■ **Recorded information**:

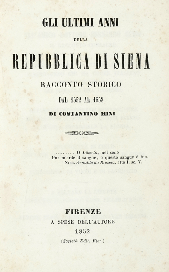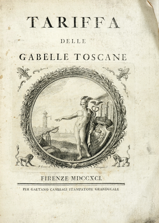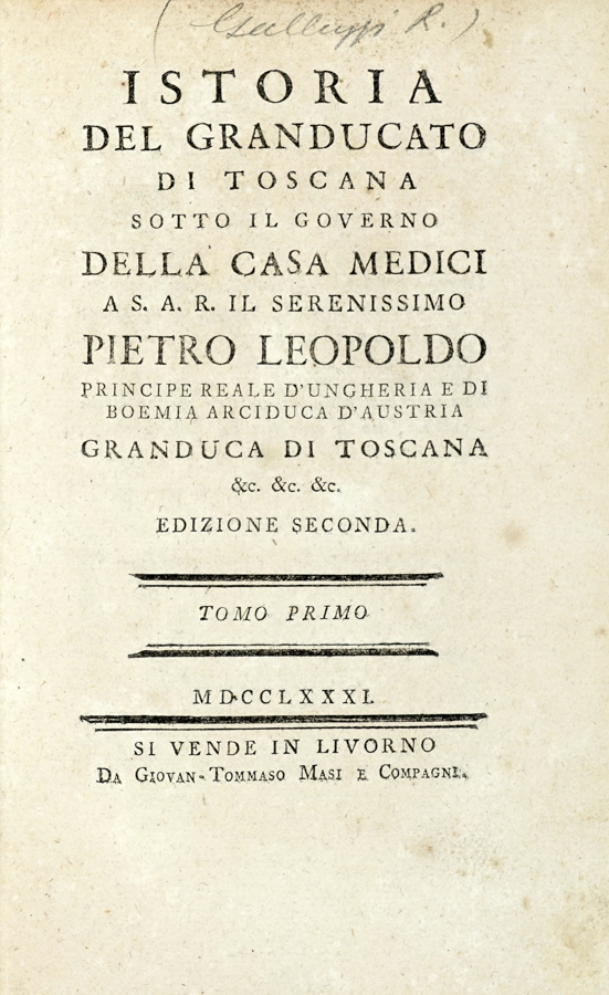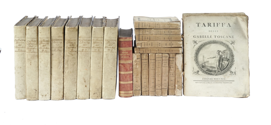 Pignotti Lorenzo, Storia della Toscana sino al Principato con diversi saggi sulle scienze lettere e arti [...] Tomo primo (-duodecimo). Firenze: presso Gaetano Ducci, 1826. 12 volumi in-12° (mm 133x90). Con 22 tavole calcografiche a piena pagina fuori testo, di cui 1 in antiporta con il ritratto dell'Autore. Bruniture concentrate ad alcune carte e fioriture sparse. Fascicoli allentati al volume VII. Brossura editoriale con titoli impressi in nero ai piatti e al dorso. Mancanze ai dorsi, in particolare ai volumi I e VII, e altri difetti a cuffie e cerniere. SI AGGIUNGE: Galluzzi Iacopo Riguccio, Istoria del granducato di Toscana sotto il governo della casa Medici [...] Tomo primo (-ottavo). Si vende in Livorno: da Giovan-Tommaso Masi e compagni, 1781. 8 volumi in-8° (mm 210x136). Con, complessivamente, 10 tavole calcografiche fuori testo di cui 2 più volte ripiegate con la genealogia della famiglia Medici. Carte uniformemente brunite con fioriture sparse e altri piccoli difetti. Annotazioni e sottolineature a matita nel testo. Legatura in mezza pergamena con punte e piatti in carta decorata. Titoli manoscritti ai dorsi e tagli spruzzati in rosso. Forellini di tarlo a dorsi e cerniere. Ex-libris di Lorenzo da Pitigliano Lanini al contropiatto anteriore di ciascun volume. SI AGGIUNGE: Tariffa delle gabelle toscane. Firenze: per Gaetano Cambiagi, 1791. In-4° (mm 247x180). Frontespizio calcografico con vignetta. Tracce d'uso al frontespizio e ad alcune carte, sporadiche fioriture e fascicoli lievemente allenati. Esemplare in barbe privo di legatura. SI AGGIUNGE: Mini Costantino, Gli ultimi anni della Repubblica di Siena... Firenze: a spese dell'autore, 1852. In-8° (mm 175x112). Con 2 tavole calcografiche fuori testo ripiegate. Foxing alle carte. Legatura in mezza pelle con piatti in carta marmorizzata. Titoli e decori in oro al dorso. (22)I OPERA: Ampia opera sulla Toscana sino al principato, scritta da Lorenzo Pignotti in qualità di storiografo di corte del Granduca Ferdinando III di Lorena e pubblicata postuma nel 1813, corredata da numerosi e curiosi aneddoti, documenti e appendici inseriti nel testo.
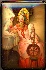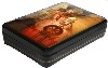 The artist has wonderfully entwined the realism of Makovsky with the magical beauty of Fedoskino miniature. She has mixed oil paints with gold powder to accentuate richness of the woman's costume. Gold powder shines through the woman's kokoshnik and through her jewelry.
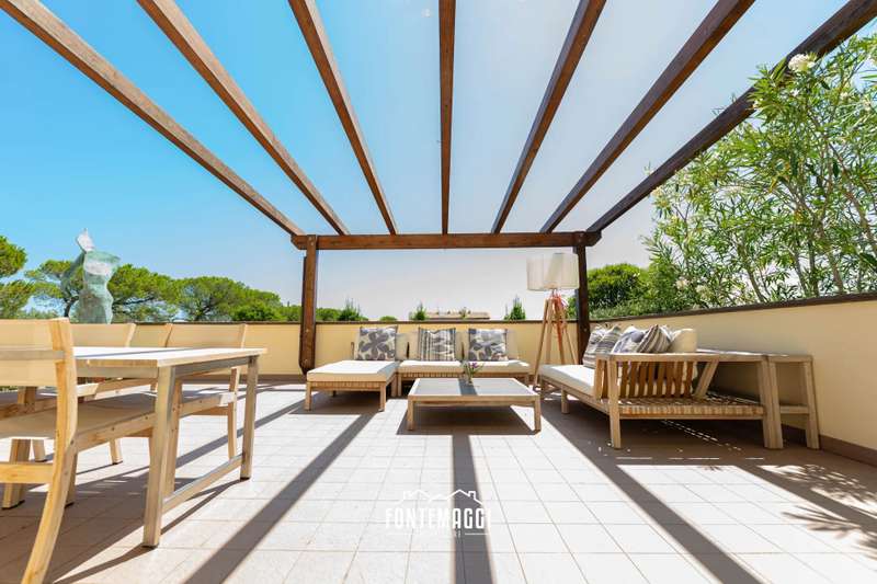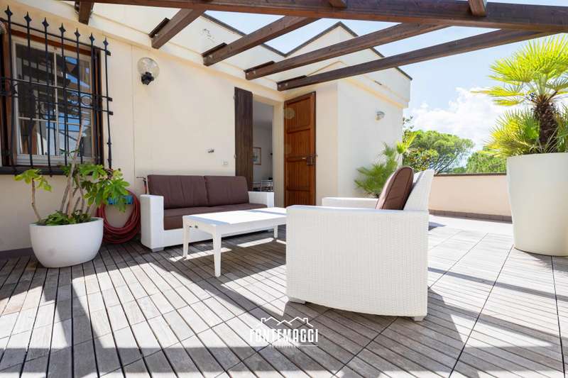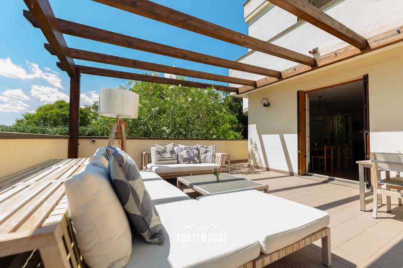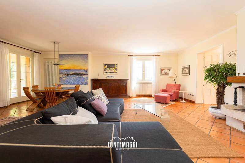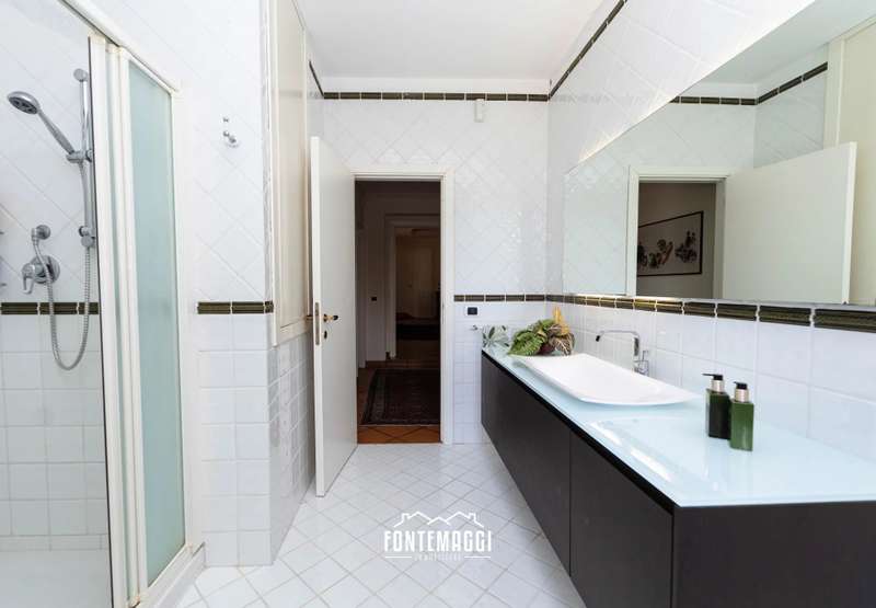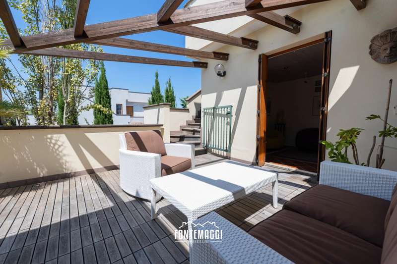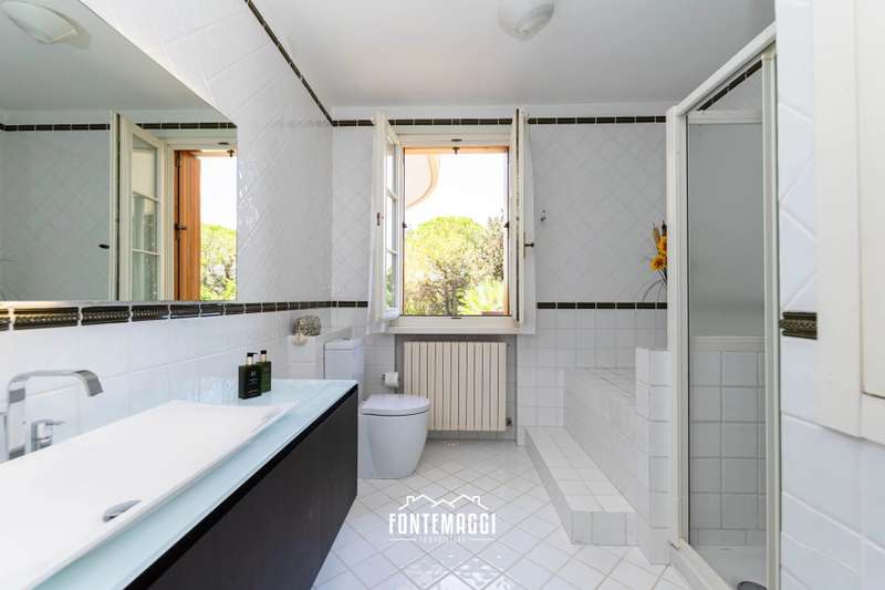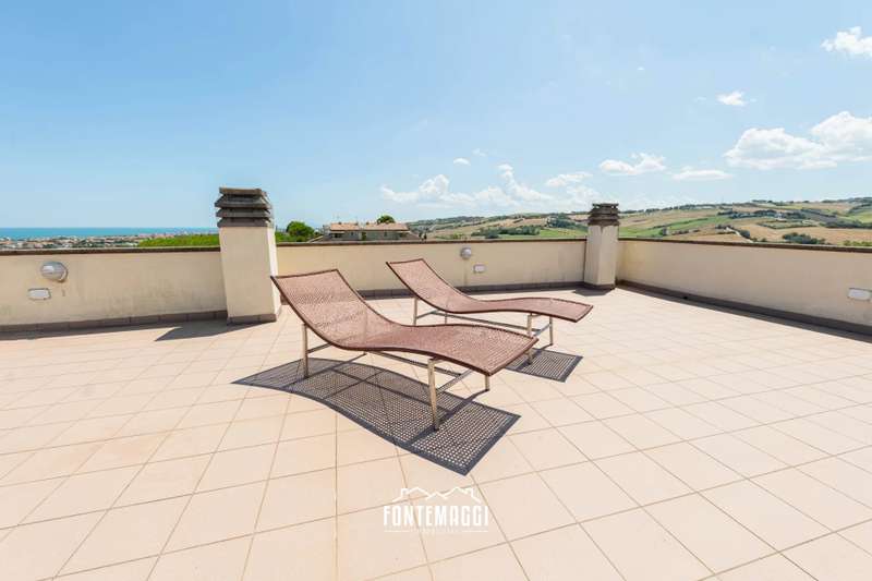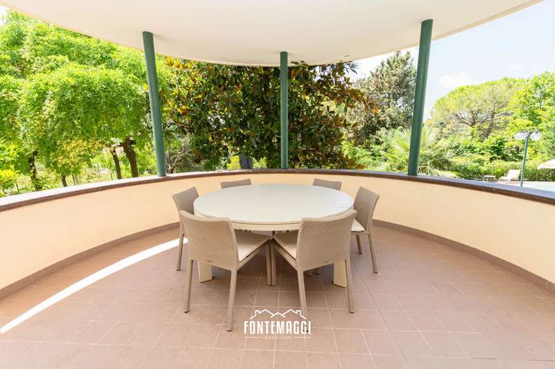 San Costanzo (PU) At 5 minutes by bike from the sea, in a hilly position with 180° panoramic view of the Adriatic Sea, from San Bartolo to Conero, easily accessible and well connected to the main roads. We offer for sale 325sqm villa built in the 90s surrounded by 1500sqm fenced park with swimming pool, garage in the basement and beautiful terrace with sea view. The property is arranged on three floors: On the ground floor of 168sqm we find a spacious living area with a large entrance hall, living room with fireplace, large bathroom, large kitchen with access to two terraces, one equipped as a living room and one as a dining room overlooking the pool. On the second floor of 155sqm the sleeping area consists of two double bedrooms with sea view balcony, twin bedroom, bathroom with shower, living room or fourth bedroom at the need with small bathroom. Adjacent to this floor is a guest area consisting of living area, bedroom and bathroom. Two bodies can be joined and have in common a terrace, which has been connected directly to the garden (an independent entrance without passing through the house). The same terrace also leads to the panoramic terrace of 120sqm with sea and hill views, ideal for enjoying moments of relaxation or celebration with friends. In the basement of 100sqm we find a garage with laundry, a cellar and a storage room with technical room. The property is completed by 19,000sqm of agricultural land, partly cultivated and partly grove. Dominant position overlooking the sea, with the possibility of getting to the beach by bicycle, well connected and easily accessible. The solution was built and used by a single family for summer and winter vacations. Concrete pillar structure, is in excellent condition, routine maintenance is required. Internally ready for use, it is sold Partially Furnished. Ideal as an accommodation facility or main residence, divisible into two or more units. Request 595,000€. "APE F" IPE: 123 kwh/sqm/year
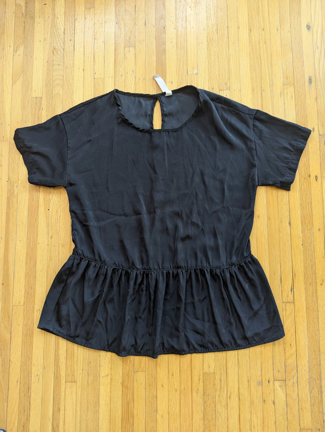 Black short-sleeve blouse with a gathered ruffled hem. Round neckline and keyhole button closure at the back. Lightweight polyester fabric semi-satin finish.
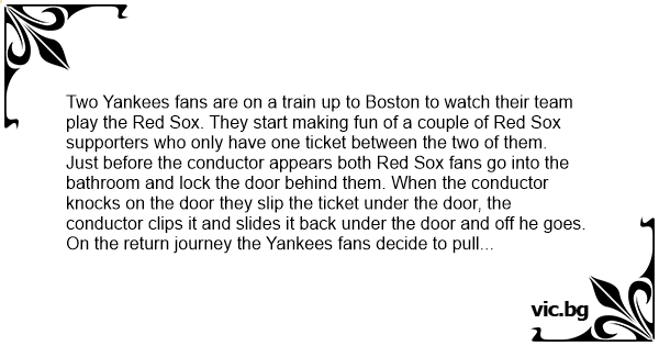 On the return journey the Yankees fans decide to pull the same trick and purchase only one ticket for the two of them. They notice that yet again the two Red Sox supporters only have one ticket between them. The Yankees fans realize there is only one bathroom per carriage and quickly take the lead, locking themselves in first, leaving the Red Sox fans with nowhere to go.
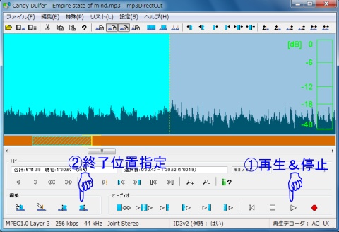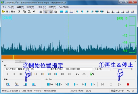 再生&停止ボタンで欲しい部分の頭出しを行い、
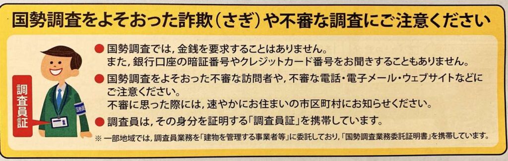 最近は物騒なことも多く、国勢調査を装った詐欺も横行しているそうです。
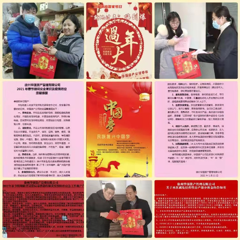 冬夏交替,歲月流轉(zhuǎn)。即將過去的2020年是眾志成城、全民抗疫的非常之年,也是華強資產(chǎn)公司與全體承租戶共克時艱、共同成長的一年,公司的踏浪前行離不開租戶給予的信任、幫助和寬容。乘著辭舊迎新的東風,在新春佳節(jié)來臨之際,為積極響應國家衛(wèi)健委和徐州市政府“就地過年”行…
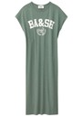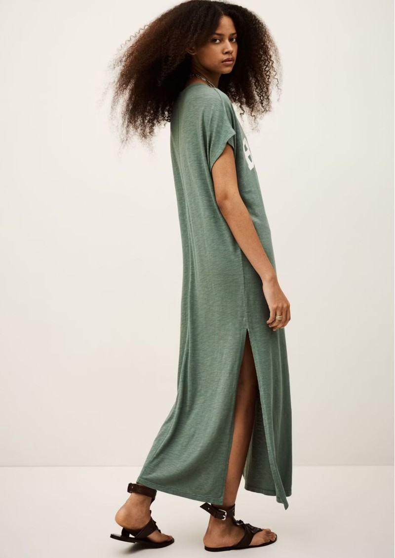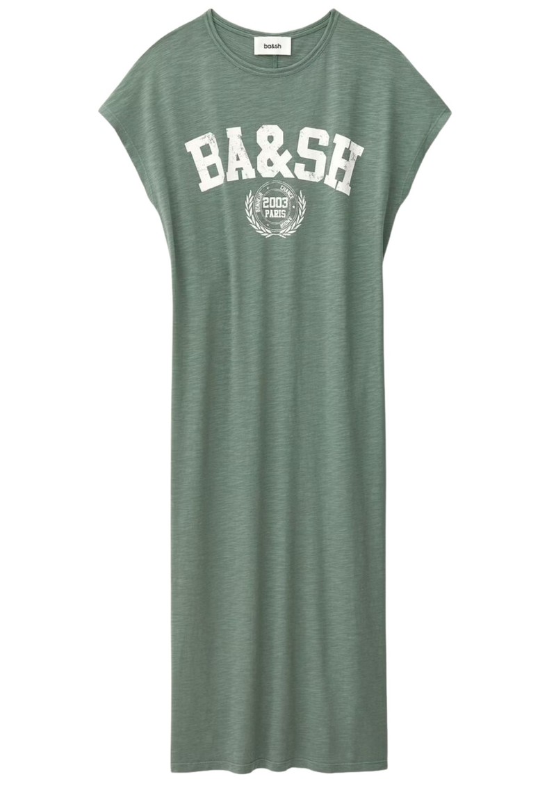 The Ba&sh Civia T-Shirt Dress in Kaki is crafted from an organic cotton and modal blend, featuring a scoop neckline, varsity-inspired logo motif, straight loose fit, side slits, and a middle back seam with flatlock stitching for effortless, sustainable style.
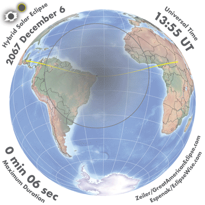 - Hybrid Solar Eclipse of 2067 Dec 06 - Google search for links to this eclipse
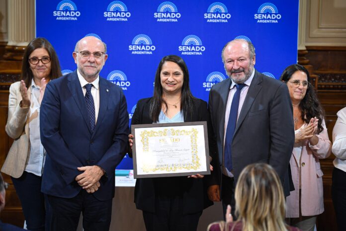 El encargado de entregar las distinciones fue el Senador Daniel Kroneberger, presidente de la Comisión de Asuntos Administrativos y Municipales en el salón Illía del Congreso, quien fue acompañado durante la ceremonia entrega de reconocimientos por el senador catamarqueño Flavio Fama, además de otros senadores del país.
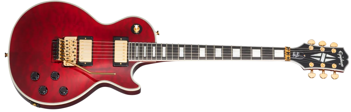 Created through extensive work with Alex Lifeson and Gibson™, Epiphone's Alex Lifeson Les Paul™ Custom Axcess similarly redefines the boundaries of the classic Les Paul in an accessible, versatile package. This guitar carries all of the traditional tones that have made the Les Paul legendary, along with unprecedented levels of sonic and performance agility. The Alex Lifeson Les Paul Custom Axcess Standard carries powerful Epiphone Ceramic Pro™ neck and ProBucker ™ 3 bridge pickups with push/pull coil splitting on the volume controls, along with a Floyd Rose® 1000 Series tremolo -the world's most efficient vibrato.
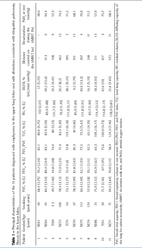 In the present study, we describe the clinical and functional aspects of 11 patients with emphysema and IPF.
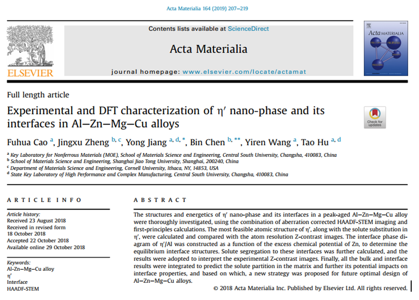 祝贺博士生曹富华同学撰写的论文发表在期刊《ACTA Mater》上!论文研究7系超高强铝合金中主要强化相η’相的界面相图和主合金元素的界面行为。ACTA Mater是材料科学与工程类的顶级期刊之一(影响因子6.036)。---link
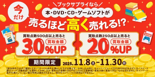 ブックサプライでは、買取点数に応じて買取金額がアップする期間限定キャンペーンを実施します。本・DVD・CD・ゲームソフトなどが対象で、
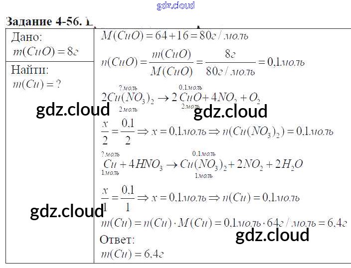 Ответ на задание 4-56 Задачник Химия за 9 (девятый) класс Кузнецова, Левкин Алгоритм успеха 2015
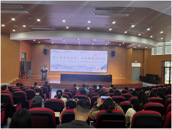 曾都區(qū)白云湖小學曾云老師對課題《核心素養(yǎng)導向下書香校園建設的實踐研究》進行開題報告陳述。
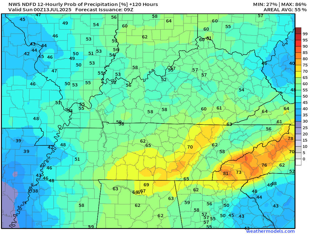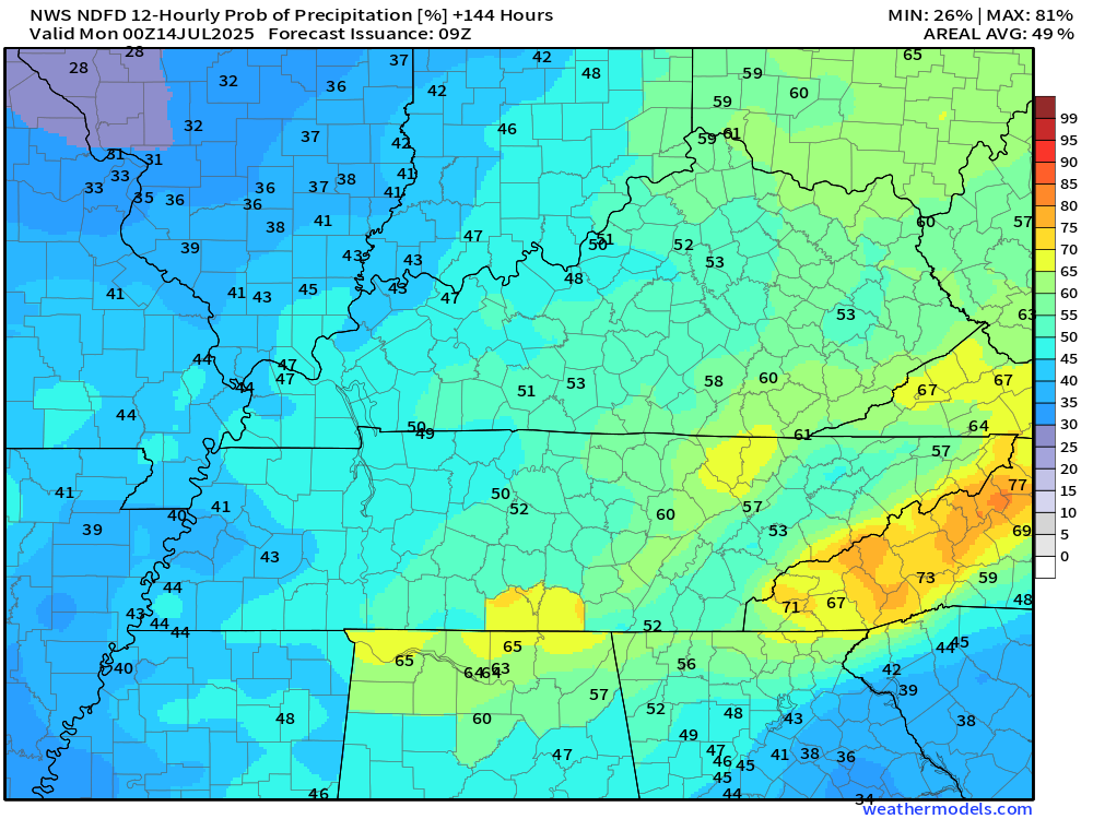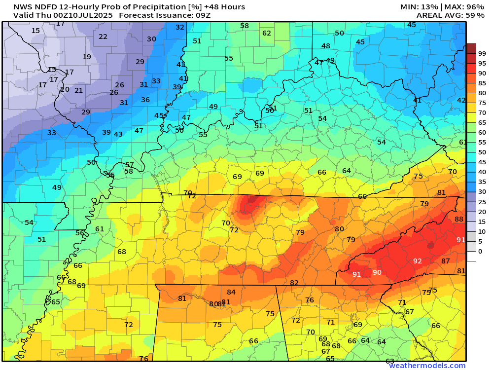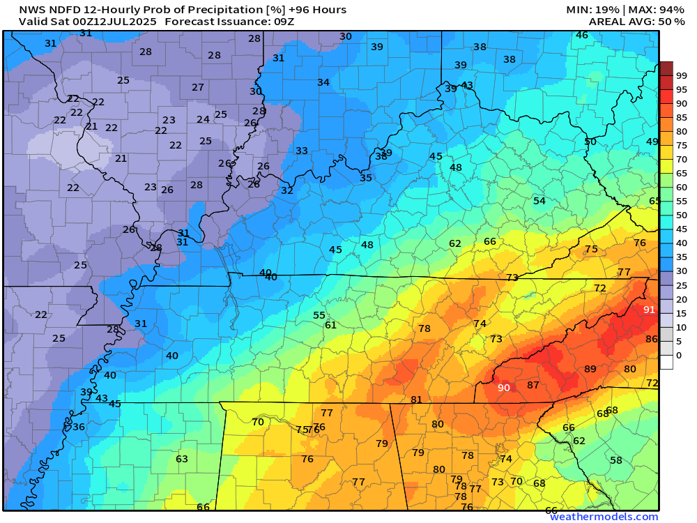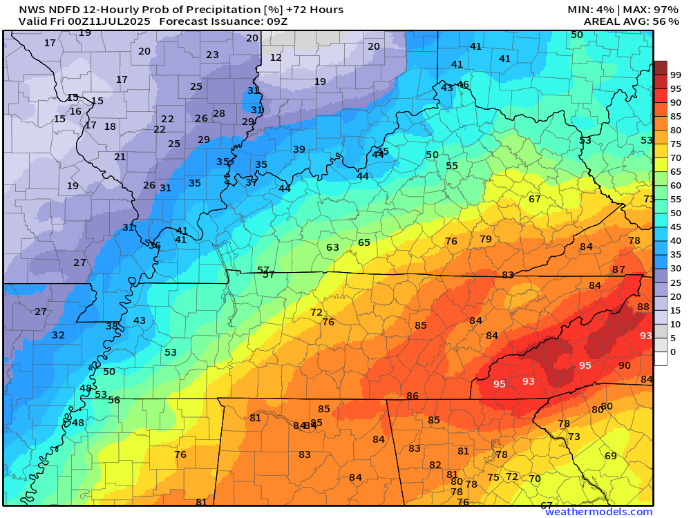 These numbers may vary a bit in the daily video.  I gave the average chance area-wide on the video update.

■ **Problem requirements**: Would you copy out, exactly and with no pictures, only the lines above from the one that contains "On the return" through the one that contains "再生&停止ボタンで欲しい部分の頭出しを行い、"?

■ **Completed exercise**:
 On the return journey the Yankees fans decide to pull the same trick and purchase only one ticket for the two of them. They notice that yet again the two Red Sox supporters only have one ticket between them. The Yankees fans realize there is only one bathroom per carriage and quickly take the lead, locking themselves in first, leaving the Red Sox fans with nowhere to go.
 再生&停止ボタンで欲しい部分の頭出しを行い、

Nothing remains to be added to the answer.